CRÍTICA
Filme sobre migração não se entrega a registros generalizantes
"Disseram que voltei americanizada", cantava Carmen Miranda nos anos 1940, quando o Brasil era mais conhecido por importar migrantes e quem morava fora era artista ou diplomata.
O documentário "Caminho de Volta", dirigido por José Joffily e Pedro Rossi, registra uma realidade que mudou muito. Hoje, são milhares de brasileiros legalizados ou clandestinos em relações ambíguas com o país onde foram viver e com o que deixaram.
Em vez de pretender abarcar demasiados aspectos de uma situação complexa e fugidia, o filme escolhe dois personagens, cujas idades, vivências e expectativas diferem.
O fotógrafo André Câmara vive em Londres há 20 anos, onde construiu uma carreira profissional, casou-se, teve filhos e descasou-se. Depois de uma fase difícil, está casado com uma britânica, é pai de um garoto de dois anos e considera retornar ao Brasil.

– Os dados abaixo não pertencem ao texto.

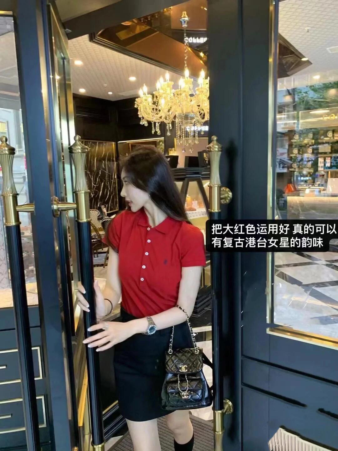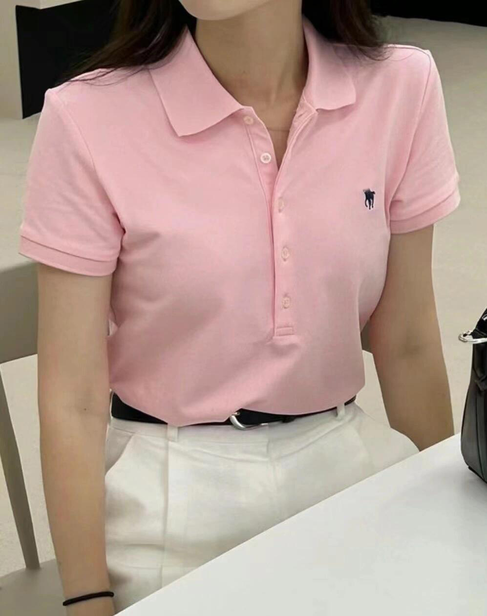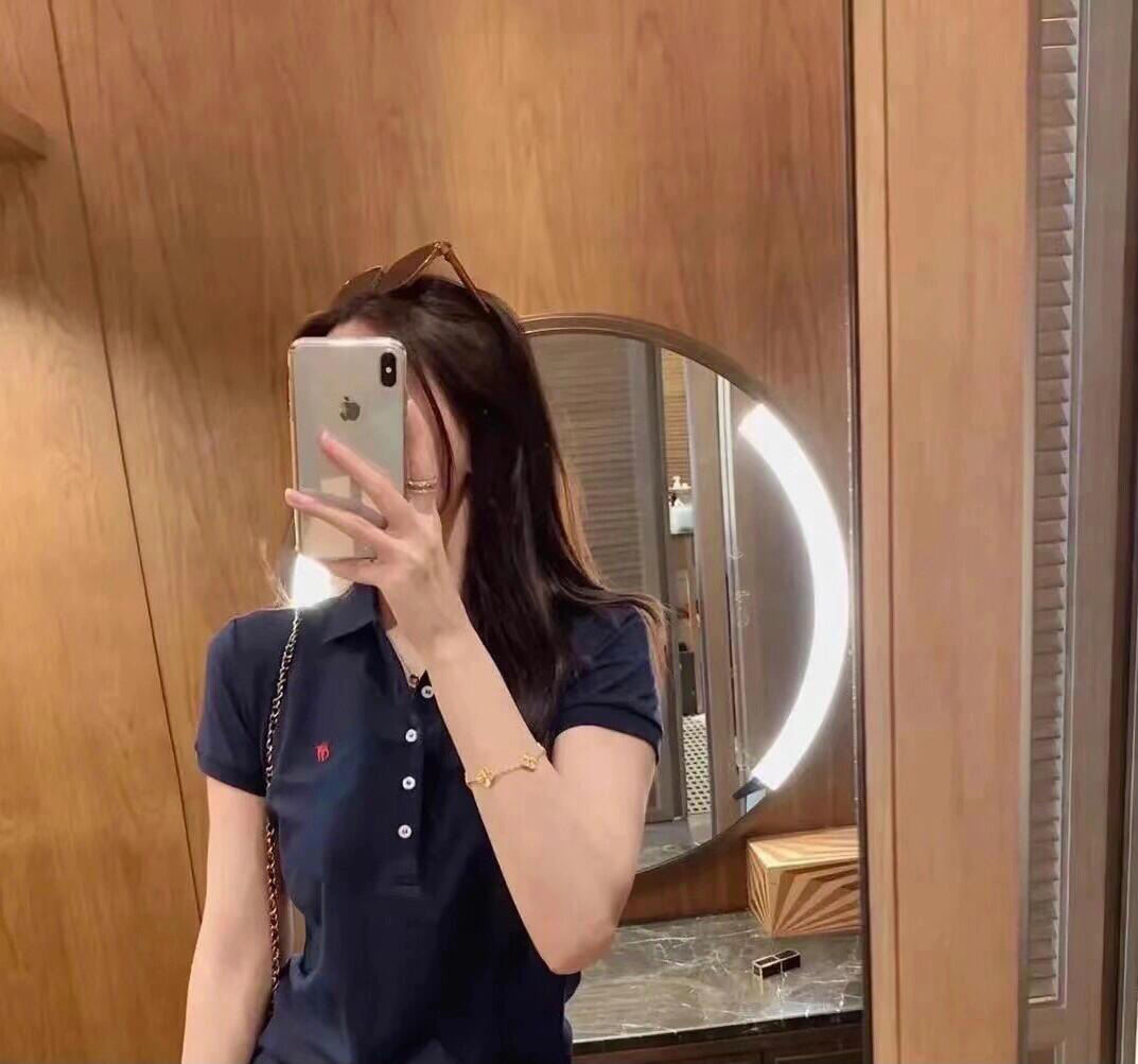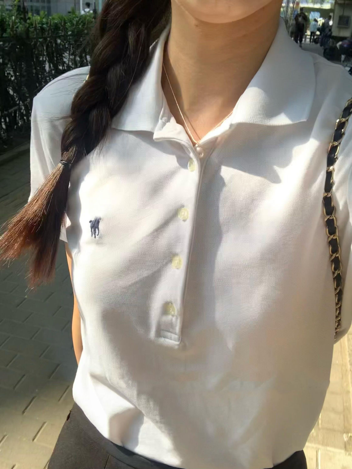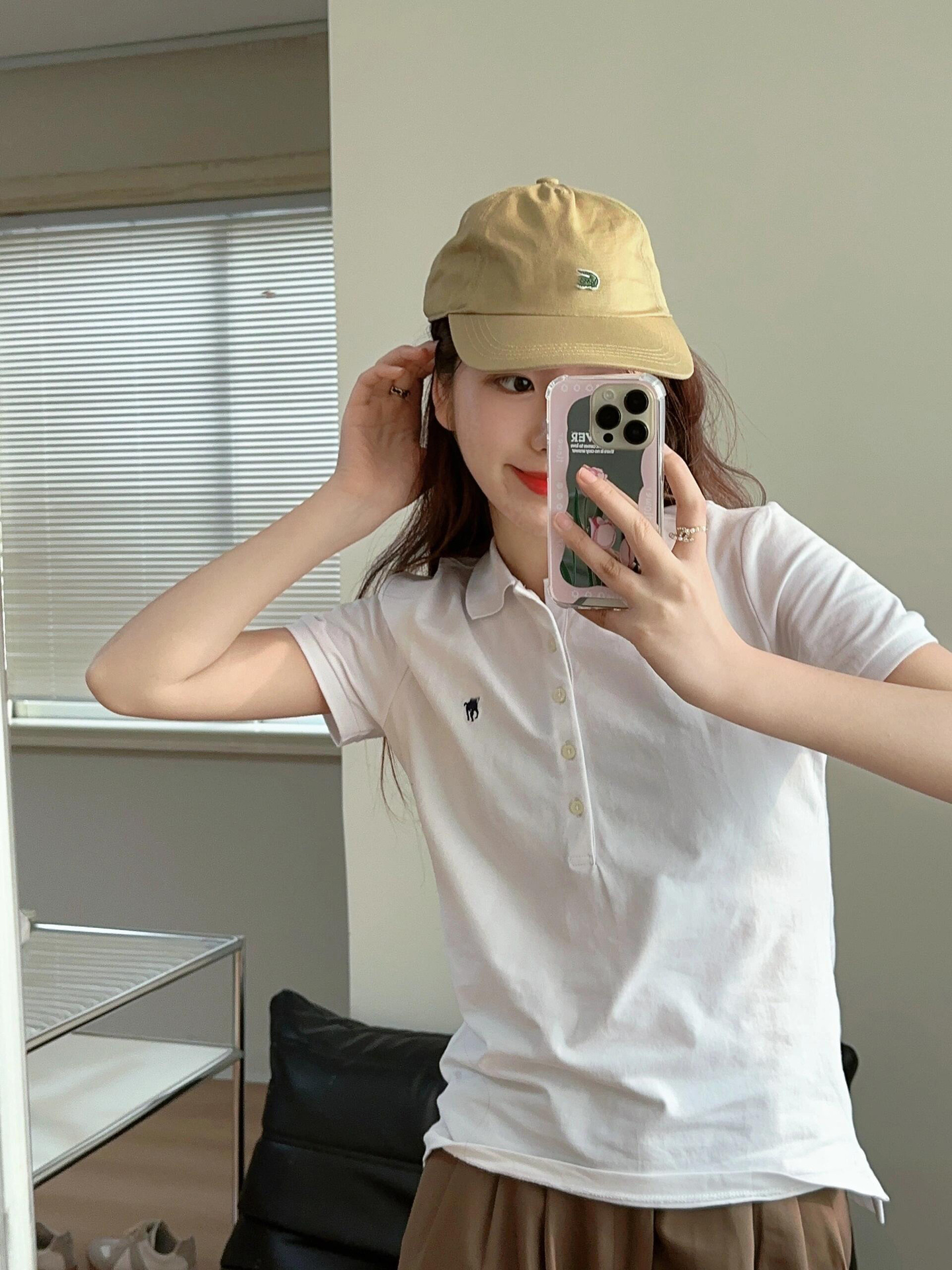 RL Rolf Pony со стандартным хлопчатобумажным поло для женщин с пятью пуговицами и лацканами тонкая американская футболка с короткими рукавами вышитая женщина

Maria do Socorro Monteiro é uma senhora de 87 anos que viveu os últimos 24 em Nova York e também se prepara para voltar ao Brasil. Ela não aprendeu o inglês e vive quase o tempo todo num apartamento cuidando do filho.
Os diretores adotam o formato de documentário de observação, sem entrevistas, em que a câmera acompanha apenas como testemunha. Desse modo, vemos situações em processo, que podem ou não oferecer revelações ou momentos dramáticos.
A escolha permite apreender as rotinas e os hábitos, identificar o grau de integração e de estranhamento desses indivíduos em outras culturas.
As conversações, por sua vez, mostram o lado avesso da história, o que os espera no reencontro com a realidade brasileira que, para eles, também se tornou distante e abstrata.
A escolha de dois personagens tem como efeito fazer o filme seguir duas histórias e apresentá-las numa estrutura que evidencia as diferenças.
Enquanto as angústias da senhora são mais introspectivas, capturadas em microdiscussões e nas tensões da face, as do fotógrafo são mais explícitas e culminam num diálogo de forte impacto entre ele e a atual mulher.
A vantagem é que o longa mantém-se fiel ao princípio sóbrio que escolheu e não se transforma num espetáculo de emoções. Nem se entrega a interpretações generalizantes sobre a migração. Apenas alcança sua dimensão humana, o que não é pouco.